Second, the U.S. Department of Labor reported that 3.7 million Americans are now receiving unemployment benefits — the most in more than five years.
My view: The broad economy is behaving like the Titanic, and these job losses could be just the tip of the iceberg.
Third, U.S. industrial production cratered 2.8% in September — more than three times the decline that was expected and the single-worst reading in any month going back to 1974.
My view: This is the first hard data confirming what we’ve suspected all along — that this recession could be at least as bad as the 1974-75 recession, which was the deepest since the Great Depression.
Fourth, housing starts plunged a staggering 6.3% in September. Worse, applications for construction permits — a solid indication of how housing starts will fare this month — crashed 8.3%. Single-family home construction is now running at levels we haven’t seen in 26 years!
My view: The housing market is still on the ropes. Commercial real estate is getting killed. Lenders are shutting down their operations. The only good news is that home prices are falling so far so fast, there is now some hope that homes will be affordable again in the not-too-distant future.
Fifth, consumer confidence just suffered its steepest monthly drop in history. The Reuters/University of Michigan Surveys of Consumers said its confidence index plummeted from 70.3 all the way down to 57.5 in one fell swoop.
My view: This is frightening. But it should come as no surprise to our readers: It goes hand in hand with the “blackest of Black Octobers” that I warned you about last month.
Ignore the Washington and Wall Street Spin.
These Powerful Economic Forces Are Screaming,
“THE WORST IS STILL AHEAD!”
As long as the forces that drive the economy and the stock market continue to fall so steeply and deeply, almost any stock you own or buy now is a potential time-bomb that can sink your portfolio.
There are exceptions, of course. And if you or your money manager know how to hedge against downside risk, that’s another alternative.
But I will repeat what I said at the outset: This is a dangerous time for investors. So my recommendations are as follows:
- Ignore the spin coming from on high. It’s just noise. It won’t make a bit of difference.
- Don’t be fooled by rallies in the stock market. They’re little more than mirages based on fantasy. The bigger they are the better the selling opportunity.

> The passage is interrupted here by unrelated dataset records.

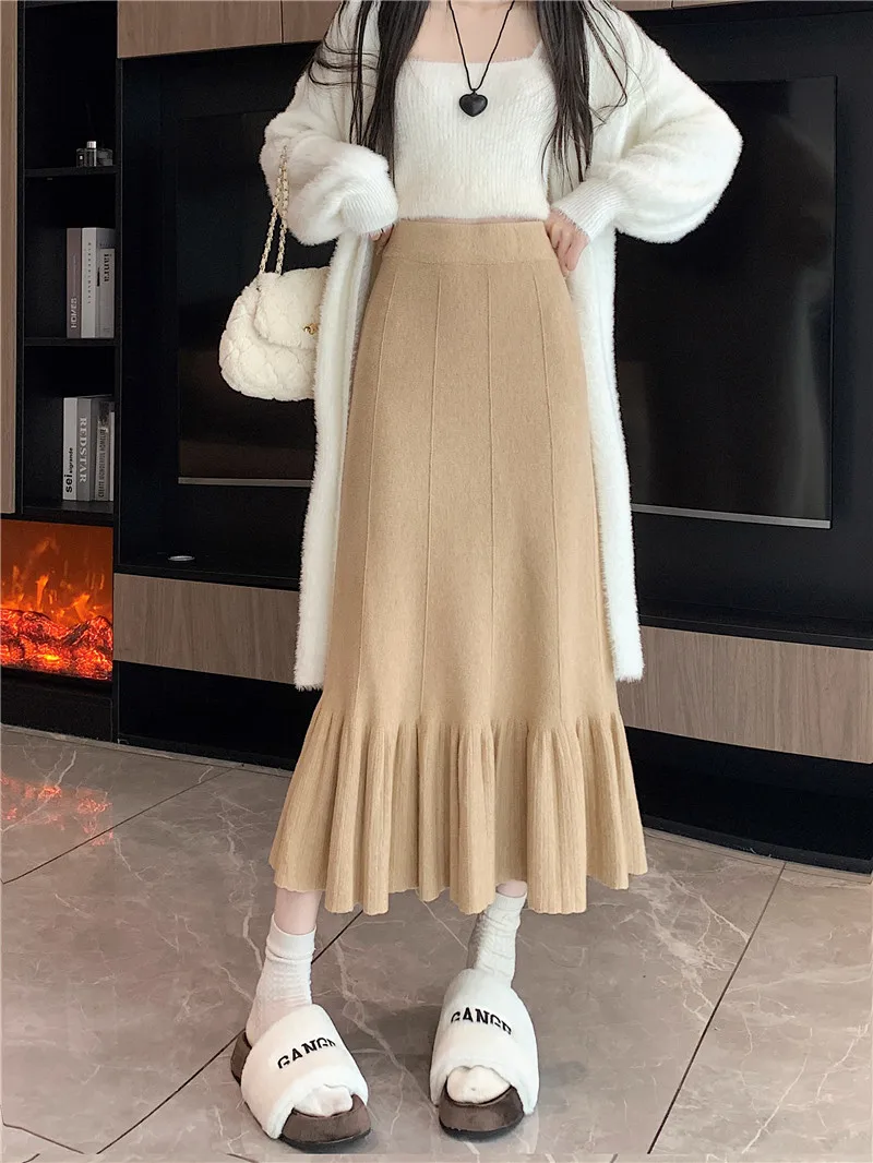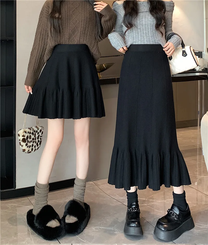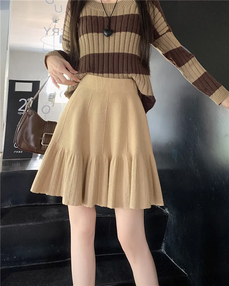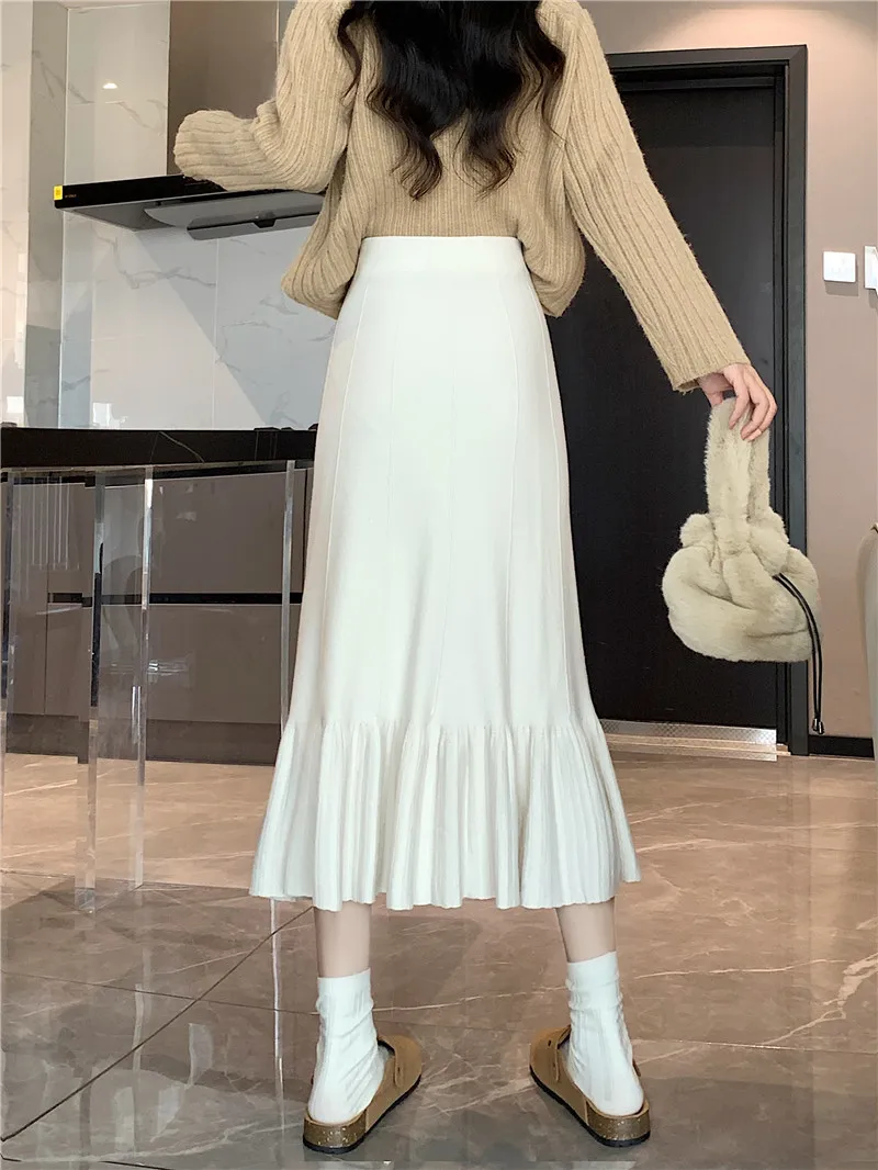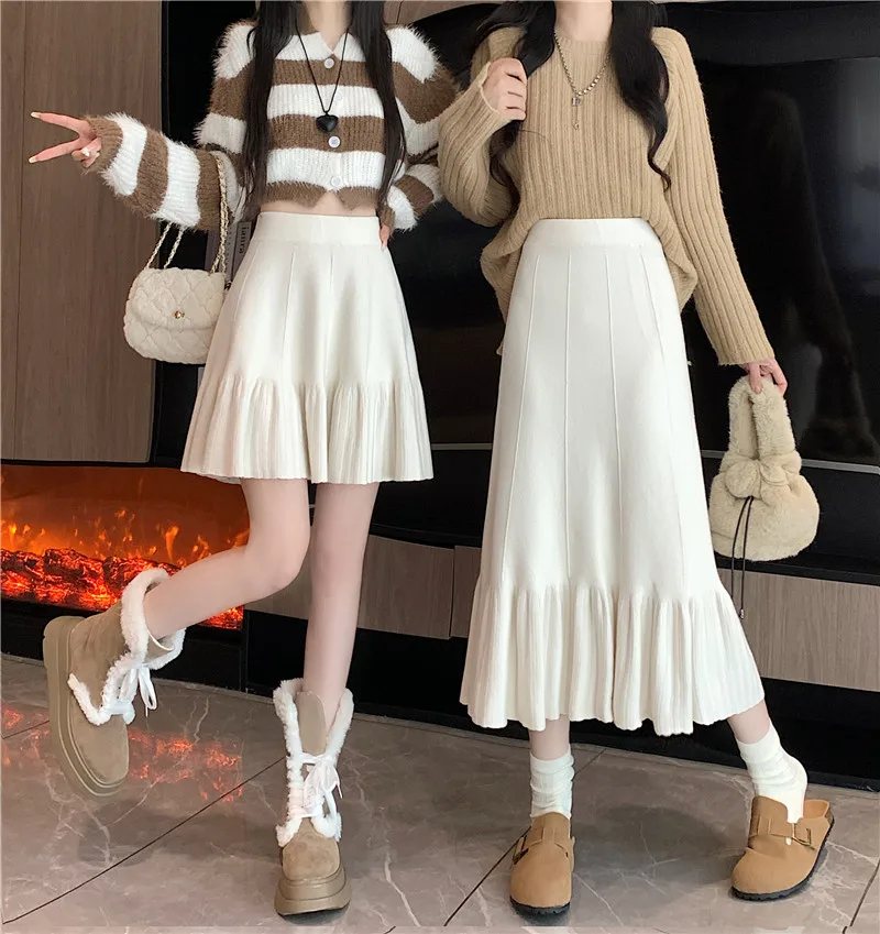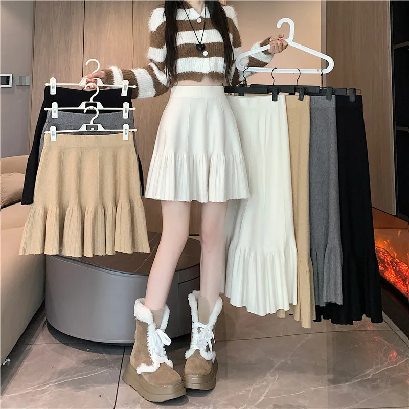 MQTIME - 2024 Spring and Autumn New Ruffle Edge Pleated Skirt Knitted Half Skirt Versatile Fashion Women's Mid length Knitted A-line Skir
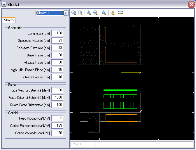Gli Sbalzi laterali vengono definiti mediante le caratteristiche geometriche proprie (Larghezza e Spessore) e della Trave in corrispondenza della sezione di incastro. E' possibile definire Sbalzi a spessore sia costante che variabile, e prevedere azioni concentrate all'estremità, sia orizzontali che verticali.
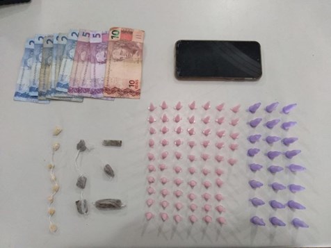 Durante policiamento, a Patrulha da 1ª CIA visualizou um suspeito e o abordou, encontrando com ele uma bolsa contendo entorpecentes, sendo seis buchas de maconha, oito pedras de crack e 89 pinos de cocaína, além de um aparelho celular e R$ 47,00 em espécie.
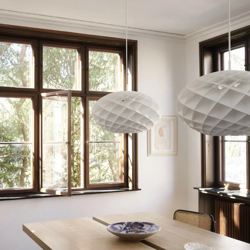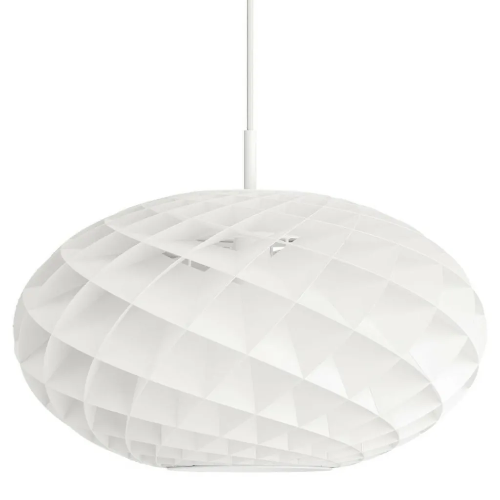 Die Patera Oval Pendelleuchte wurde von Øivind Alexander Slaatto für die Marke Louis Poulsen entworfen. Das ausgefallene Muster des Leuchtenschirms hat seine Form der Mathematik zu verdanken: Es ist der Fibonacci-Folge nachempfunden. Darunter versteht man eine fortlaufende Zahlenreihe, die sich durch das Zusammenzählen der vorangegangenen Zahlen ergibt.

- If you want to protect your family as much as I want to protect mine, you’ll get your money to safety. The more the better.
Until next time,
Mike
About Money and Markets
For more information and archived issues, visit http://legacy.weissinc.com
Money and Markets (MaM) is published by Weiss Research, Inc. and written by Martin D. Weiss along with Tony Sagami, Nilus Mattive, Sean Brodrick, Larry Edelson, Michael Larson and Jack Crooks. To avoid conflicts of interest, Weiss Research and its staff do not hold positions in companies recommended in MaM, nor do we accept any compensation for such recommendations. The comments, graphs, forecasts, and indices published in MaM are based upon data whose accuracy is deemed reliable but not guaranteed. Performance returns cited are derived from our best estimates but must be considered hypothetical in as much as we do not track the actual prices investors pay or receive. Regular contributors and staff include Kristen Adams, Andrea Baumwald, John Burke, Amber Dakar, Dinesh Kalera, Red Morgan, Maryellen Murphy, Jennifer Newman-Amos, Adam Shafer, Julie Trudeau and Leslie Underwood.

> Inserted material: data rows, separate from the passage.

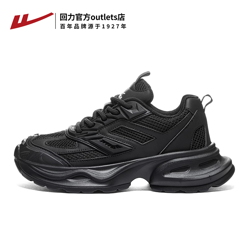2025新款 夏季 黑色网面透气休闲鞋 子女款 回力老爹鞋 厚底运动鞋 女鞋
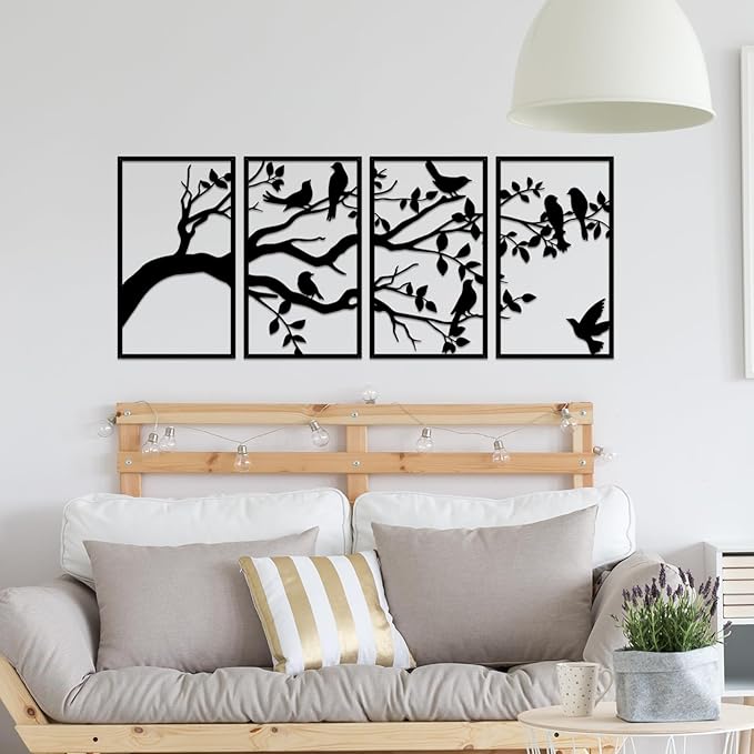 ruelen Wall Decor 4 Pieces Large Metal Birds and Branch Wall Art, Tree of Life Metal Wall Art, Black Leaves with Birds Silhouette Hanging Wall Sculpture For Indoor Home Bedroom Living Room Outdoor
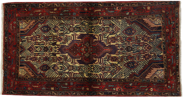 Carpet ID: 318319005687363 Size: 152x83 cm Thickness: ap. 12 mm Knot density: 128 000 - 160 000 / m² Manufacturing: Knotted by hand Pile: Handspun wool Warp: Cotton Origin: Persia Age: New Weight: ap. 5 kg Also know as Huseinabad In stock: Unique - Only 1 in stock
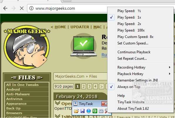 There is no significant configuration needed you just download and run it. Once you have run the program, you are presented with a tiny floating window that contains all that you need to begin recording your desktop activity. Other programs provide you with a description of a specific function when you hover its icon, TinyTask does not, but it isn't a factor because everything is pretty self-explanatory. The recording is seamless, and playback is equally so. It will play in fullscreen precisely as recorded and will perform tasks that have been recorded during the session. You do have some minor playback options like preset/custom speeds, continuous, and repeat. It can be set to record and playback via several predefined hotkeys as well as always on top so you can keep track of the very tiny window. All recordings can be saved to a location of your choice.
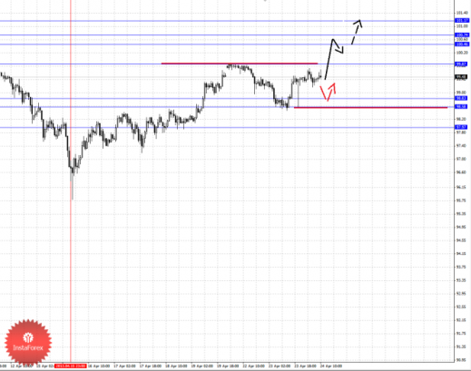 По паре Доллар/Иена ключевыми уровнями являются: 101.17, 100.74, 100.46, 99.87, 98.83, 98.58 и 97.97. Здесь мы следим за восходящим циклом от 15 апреля. Продолжения движения кверху ожидаем после пробоя 99.87, в данном случае цель 100.46, в коридоре 100.46 – 100.74 консолидация цены. Потенциальным значением для верха считаем уровень 101.17, по достижении которого ожидаем откат к низу. Диапазон 98.83 – 98.58 является ключевой поддержкой для верха, его проход ценой будет располагать к развитию нисходящей структуры, в данном случае потенциальная цель – 97.97, до этого уровня ожидаем оформления начальных условий для нисходящего цикла.
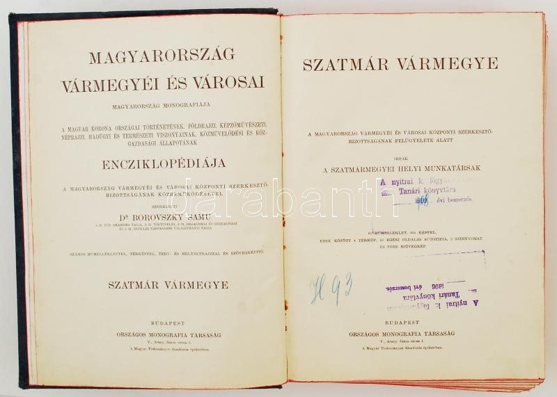 Dr. Borovszky Samu(szerk.): Magyarország vármegyéi és városai, Magyarország monográfiája. Szatmár vármegye és Szatmár- Németi. 81 oldal műmelléklet, 2 színnyomat, 43 egész oldalas autotipia, és több szövegkép. Bp., (1908), Országos Monográfia Társaság. Kiadói aranyozott, festett, dombornyomott egészvászon kötés, színezett lapszélek, fedőlap,gerinc ill., sarkok kissé viseltes állapotban.
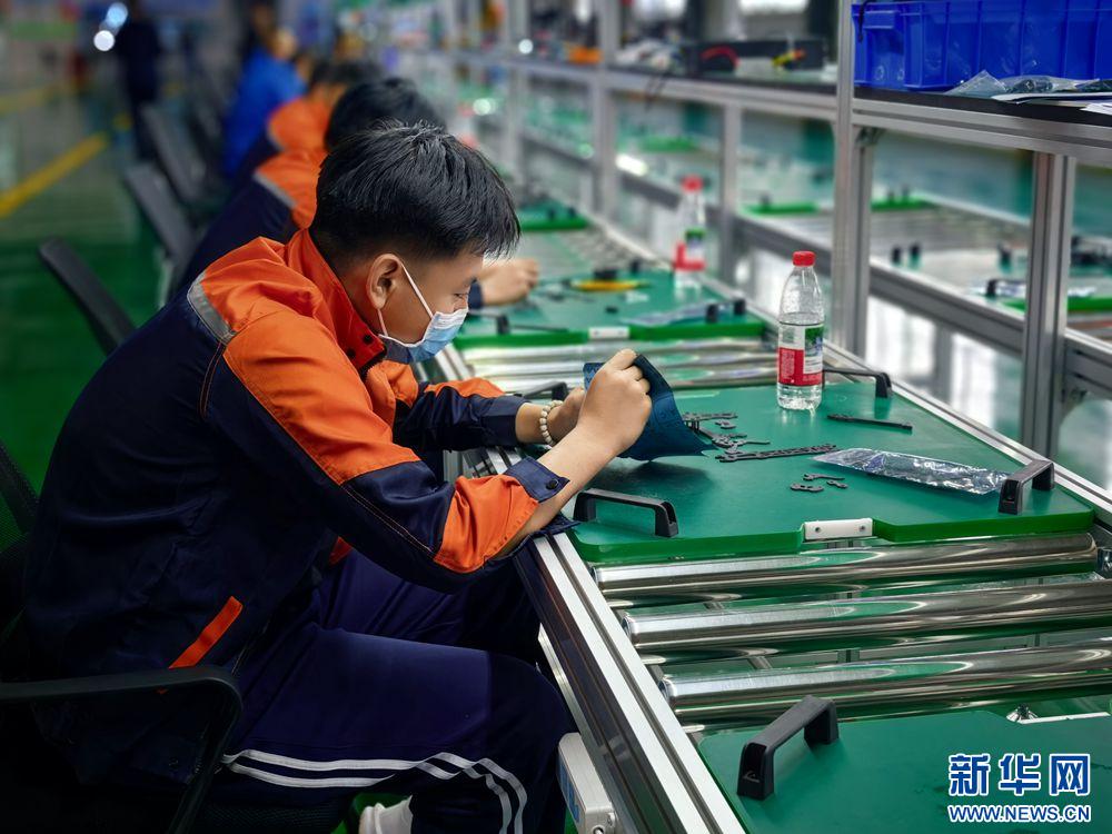 工作人員正在打磨無人機部件。新華網發(張靜 攝)

Attention editors and publishers! Money and Markets issues can be republished. Republished issues MUST include attribution of the author(s) and the following short paragraph:
This investment news is brought to you by Money and Markets. Money and Markets is a free daily investment newsletter from Martin D. Weiss and Weiss Research analysts offering the latest investing news and financial insights for the stock market, including tips and advice on investing in gold, energy and oil. Dr. Weiss is a leader in the fields of investing, interest rates, financial safety and economic forecasting. To view archives or subscribe, visit http://legacy.weissinc.com.
From time to time, Money and Markets may have information from select third-party advertisers known as “external sponsorships.” We cannot guarantee the accuracy of these ads. In addition, these ads do not necessarily express the viewpoints of Money and Markets or its editors. For more information, see our terms and conditions.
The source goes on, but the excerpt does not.